Tight financial management (“it’s not profit until it’s cash”) has seen gearing first brought under control then actively managed down, at a notably faster pace than we had anticipated. This discipline has given the executive team the comparative freedom to be able to make operational decisions (particularly the significant capital investment across its key manufacturing facilities) in the interests of building the group’s future rather than simply focusing on paying back the debt.
Strong design disciplines, efficient manufacturing supporting low cost and a commitment to supply-chain compliance underlie the group’s client relationships, which are increasingly more like a strategic partnership in nature, particularly as retailers contract their supplier lists.
These principles are being extended through adjacent categories. Partyware has been added in recent years and forms part of the Celebrations (about 5% of divisional sales). In the current financial year, there will be an increased sales effort on retail collateral, also known as not-for-sale consumables (also known as bags). Primarily targeting the fashion and beauty segments, where visual and tactile attributes are of greater importance, the group has already built around a 7% market share with product being shipped in from its Chinese manufacturing operations.
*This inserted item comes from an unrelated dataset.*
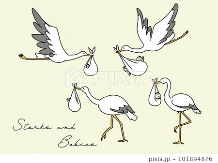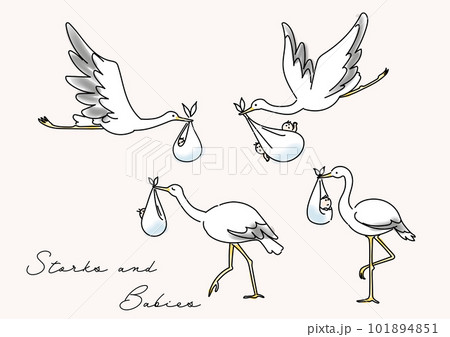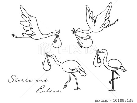 攜帶襁褓嬰兒的鸛的矢量線圖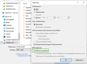 I am trying to save as or export a word document with the option PDF/A compatible. It does not work - i get an error like "We could not find your file..." (in German). Writing to PDF without this o...

Management estimates that the value of this sector is around £130m, with recyclable paper bags with integral twisted-paper handles an attractive proposition from quality and compliance perspectives. In FY18, IG Design will start to manufacture for this segment in its UK facilities.
Elsewhere the group is benefiting from the growth of its customers across Europe, as retailers such as Aldi grow in Eastern Europe. There is also benefit from bricks-and-mortar retailers growing their online channels (and, to a lesser extent, vice versa).